[Problem details]: Print the lines below from the line with "El tamaño compacto" to the line with "to VCS のアイコンが追加されていました。" exactly, keeping both ends, and print no pictures.

══ Data excerpts ══

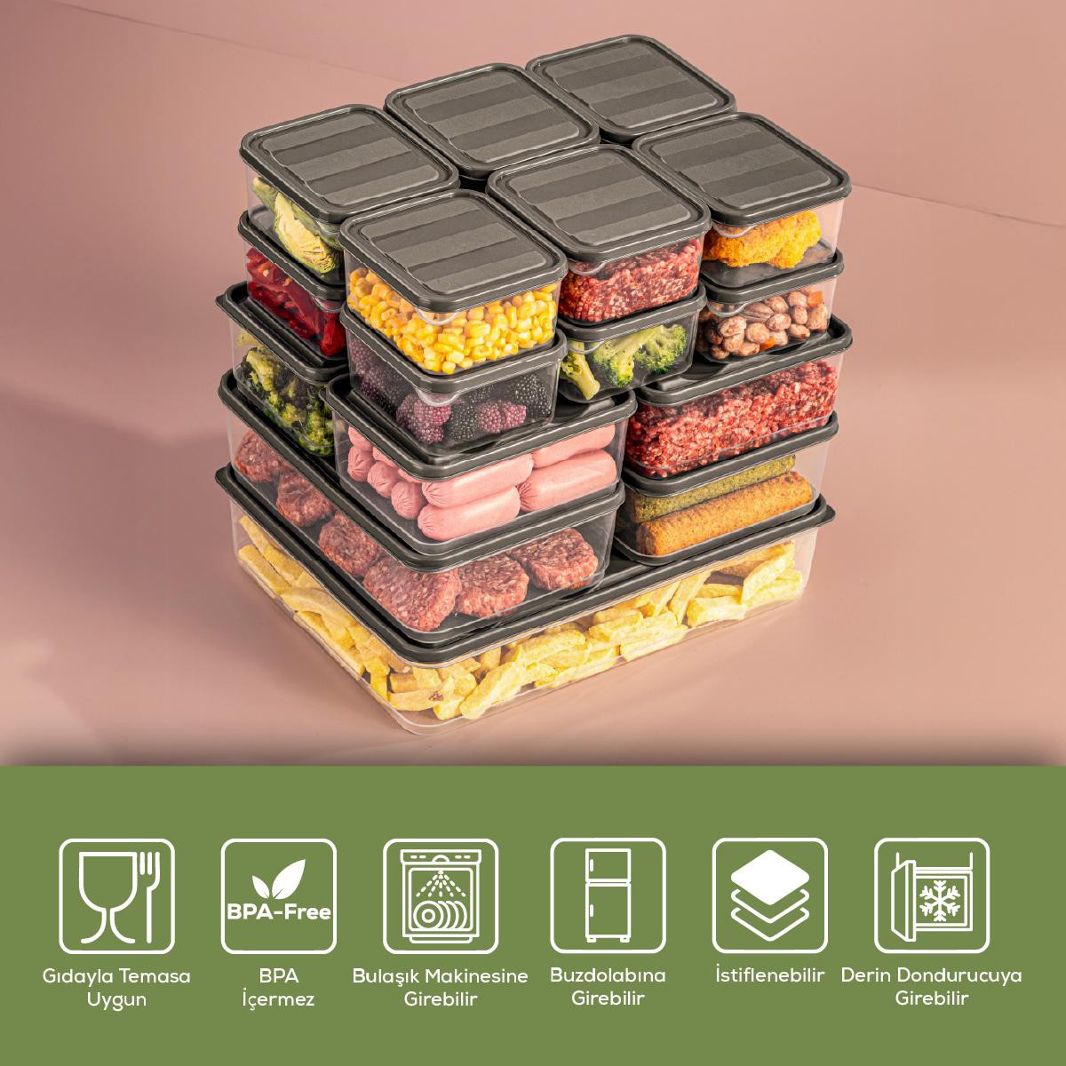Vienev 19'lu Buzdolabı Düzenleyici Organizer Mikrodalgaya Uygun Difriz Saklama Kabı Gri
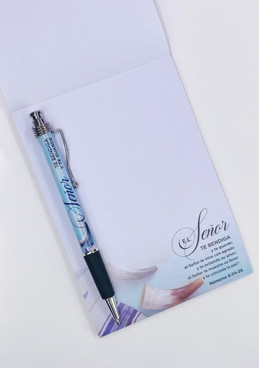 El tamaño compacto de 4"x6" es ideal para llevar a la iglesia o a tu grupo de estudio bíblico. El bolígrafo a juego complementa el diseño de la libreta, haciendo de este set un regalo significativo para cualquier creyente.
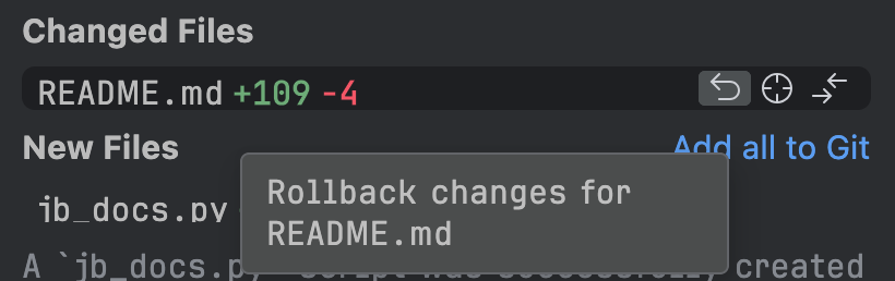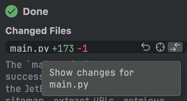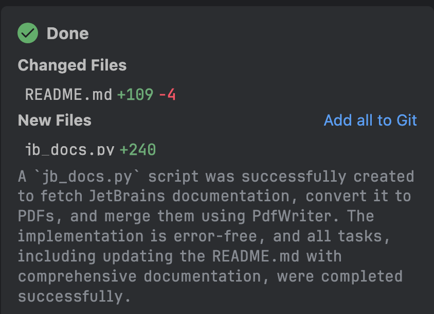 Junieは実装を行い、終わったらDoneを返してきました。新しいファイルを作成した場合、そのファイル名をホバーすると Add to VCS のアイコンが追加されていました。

═══
══ Data excerpts ══

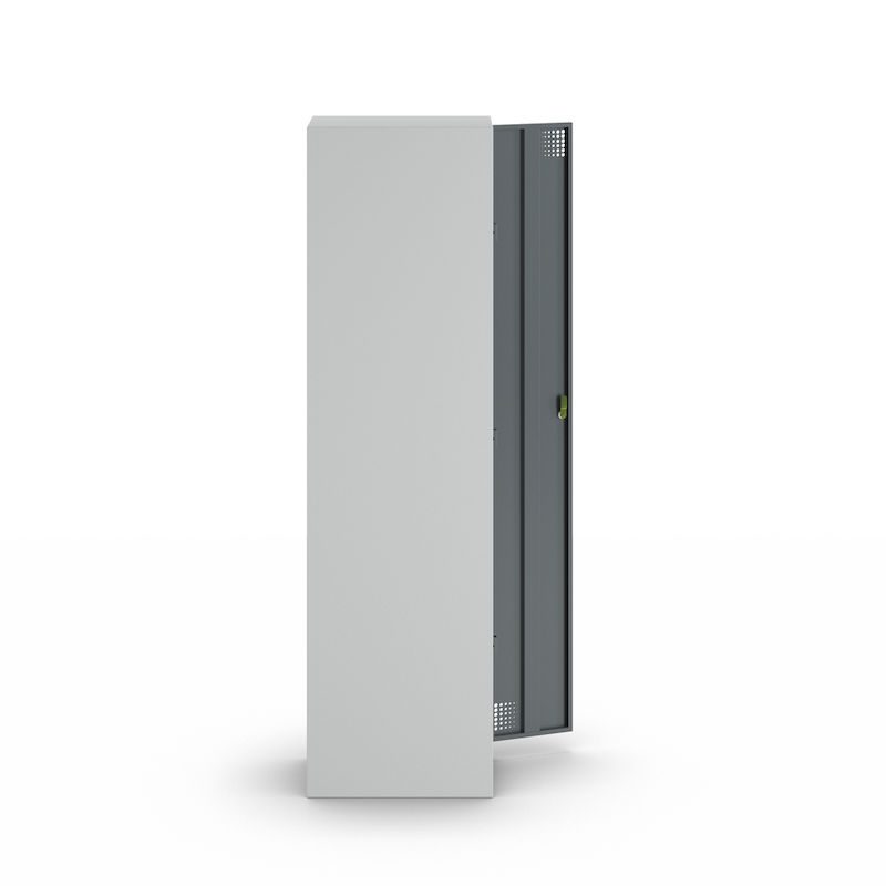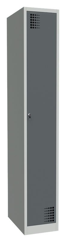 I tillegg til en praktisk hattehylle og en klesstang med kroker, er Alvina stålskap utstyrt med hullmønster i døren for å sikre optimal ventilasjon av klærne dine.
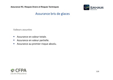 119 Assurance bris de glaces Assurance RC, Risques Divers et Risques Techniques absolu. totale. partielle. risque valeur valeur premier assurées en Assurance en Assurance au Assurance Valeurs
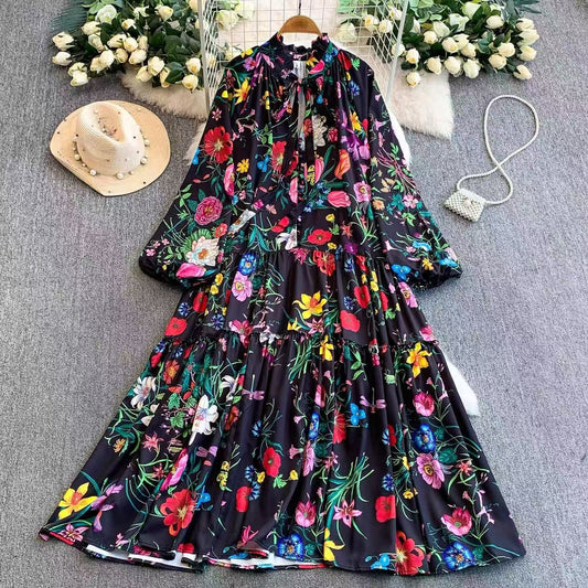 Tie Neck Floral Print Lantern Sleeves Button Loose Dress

═══

[Exercise answer]:
 El tamaño compacto de 4"x6" es ideal para llevar a la iglesia o a tu grupo de estudio bíblico. El bolígrafo a juego complementa el diseño de la libreta, haciendo de este set un regalo significativo para cualquier creyente.
 Junieは実装を行い、終わったらDoneを返してきました。新しいファイルを作成した場合、そのファイル名をホバーすると Add to VCS のアイコンが追加されていました。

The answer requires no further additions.